Talasemi major hastalarının hayatları boyunca çabucak hemen her ay iki ünite kan transfüzyonu aldıkları için bu tedavinin de enfeksiyon bulaşı için bir risk faktörü olduğuna değinen Prof. Dr. Meral Sönmezoğlu, kelamlarına şöyle devam etti: “En sık görülen hastalıklar viral enfeksiyonlardır. Her ne kadar kan bağışçılarına sorgulama ve hastalık taraması yapılsa ve inançlı kan temini sağlansa da dünyanın her ülkesinde olduğu üzere bu risk hala vardır. O nedenle tüm talasemi hastalarının aşı ile korunulabilen hepatit B hastalığına karşı aşılanması gereklidir. Enfeksiyonlardan korunmak için ayrıyeten: Talasemi hastaları ateşli hastalık geçirdiklerinde çabucak tedavi edilmelidir. Sistemik hastalığa dönüşmesi engellenmelidir. Talasemi hastalarının dalağı alınırsa kapsüllü bakterilere karşı aşıları yapılmalıdır. Bununla birlikte. Talasemi hastaları enfeksiyon kaynağı olabilen çiğ et, süt, kabuklu deniz eseri ve taze peynir tüketmemelidir.”
“KORUNMADA EN TESİRLİ FORMÜL TOPLUMSAL FARKINDALIĞIN ARTIRILMASI”

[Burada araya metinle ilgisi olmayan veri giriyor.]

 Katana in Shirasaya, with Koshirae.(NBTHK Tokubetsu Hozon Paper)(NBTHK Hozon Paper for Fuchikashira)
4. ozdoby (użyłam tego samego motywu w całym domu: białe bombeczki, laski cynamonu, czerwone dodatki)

Günümüzde epeyce güçlü olabilen talasemi tedavisinde, bugünkü bilgilere nazaran bir hastanın devlete yıllık maliyeti 10 bin dolar civarında olduğunu hatırlatan Prof. Dr. Sönmezoğlu, “Talasemi üzere her iki ebeveynden de gelen yanılgılı genler ile geçiş gösteren kalıtsal hastalıkların denetiminde en tesirli sistem, hastalık hakkında toplumun bilgilendirilmesi, toplum taramaları ile taşıyıcıların saptanması, onlara genetik istişare verilmesi ve gebelik öncesi teşhis metotları kullanılarak yeni hastalıklı bebek doğumlarının önlenmesidir. Talasemi birçok ülkede denetim altına alınmıştır.” Diye konuştu.

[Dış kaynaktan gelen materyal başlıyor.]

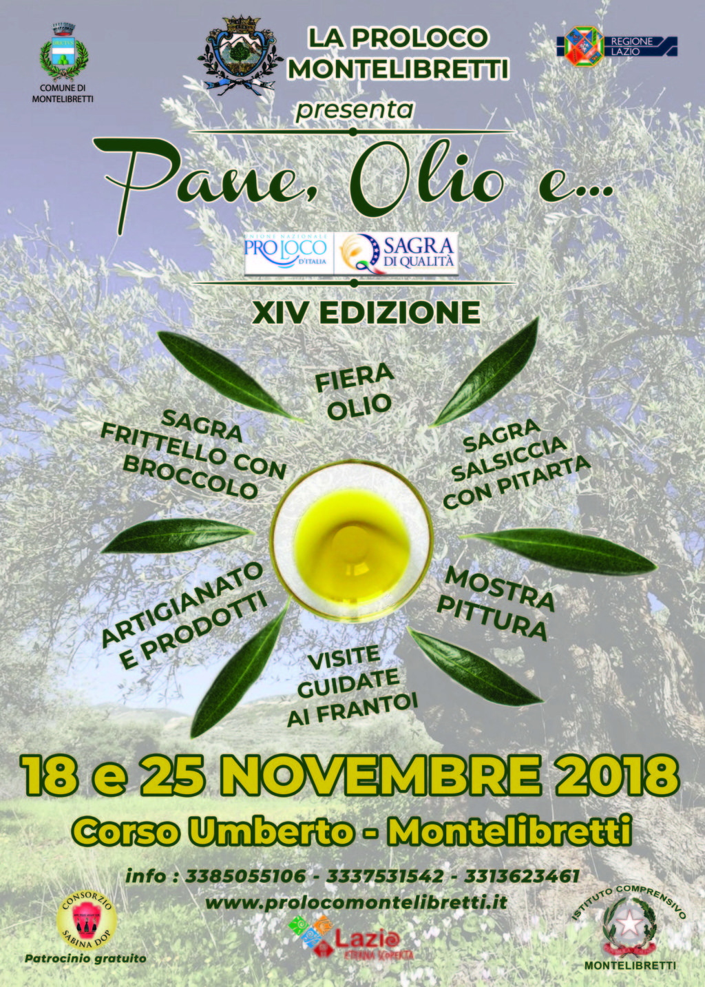 Ore 16.00: (Aula Consiliare) Premiazione “IL MIO ORO VERDE” concorso riservato alle aziende olearie di Montelibretti, in collaborazione con il CONSORZIO “SABINA DOP”.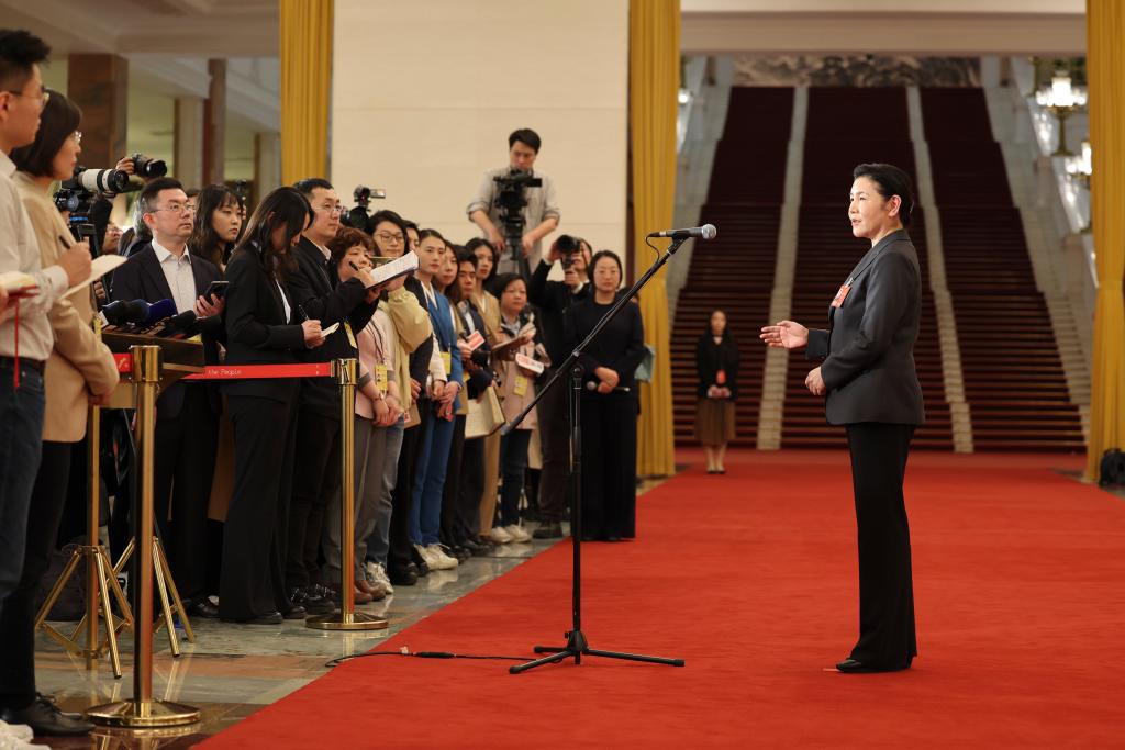 3月12日,第十四屆全國人民代表大會第四次會議第三場“部長通道”集中采訪活動(dòng)在北京人民大會堂舉行。這是司法部部長賀榮接受媒體采訪。新華社記者 金立旺 攝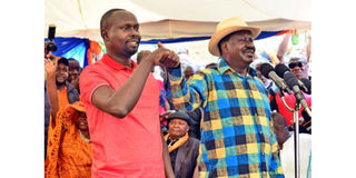 ODM leader Raila Odinga with Bernard 'Imran' Okoth during campaigns on November 2, 2019.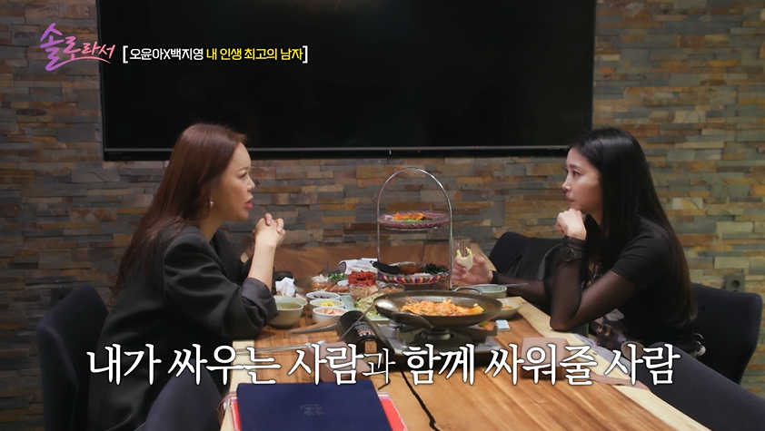 직후, 오윤아는 "언니는 결혼 생활을 어떻게 유지해?"라고 물었다. 백지영은 "관계에 있어서 절대 일방은 없다. 다 쌍방이다. 남편이 나한테 잘 하니까 나도 잘 하는 거다. 그리고 아직까진 남편이 너무 좋다. '내 사전에 이혼은 없다'는 마음으로 살고 있다"고 솔직하게 밝혀 공감을 자아냈다.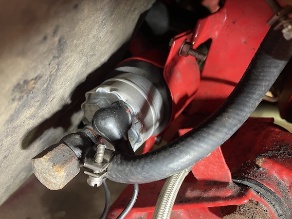 Next step is to disconnect the electric feed and earth to the pump. My pump has a connector tid to the chassis before the pump itself, so that's easy.

“RİSKİ BÖLGELERDE YAŞAYANLAR EVLİLİK ÖNCESİ TEST YAPTIRMALI”
Toplumdaki talasemi taşıyıcıları, olağan görünümde olduklarından, özel talasemi testleri yapılmadıkça taşıyıcı olup olmadıklarının anlaşılmasının da mümkün olmayacağını hatırlatan Yeditepe Üniversitesi Hastaneleri Enfeksiyon Hastalıkları ve Tıbbi Mikrobiyoloji uzmanı Prof. Dr. Sönmezoğlu, “Bu sebeple riskli bölgelerde yaşayan gençlerin kesinlikle evlilik öncesi talasemi testi yaptırmaları gerekir” dedi.
Hemoglobinopati denetim programında; evlilik öncesi evlenecek olan çiftlerin taranması ve hasta yahut taşıyıcı çıkan bireylerin öteki aile fertlerinin ve akrabalarının tarandığını belirten Prof. Dr. Sönmezoğlu, “Ayrıca geleceğin ebeveynleri olarak ortaöğretimde okuyan öğrencilere yönelik Hemoglobinopati eğitim ve tarama programları uygulanması da farklı bir değer arz etmektedir. Bunların dışında tabibin yahut kişinin kendi isteği ile Hemoglobinopati testi uygulanabilir. “diye konuştu.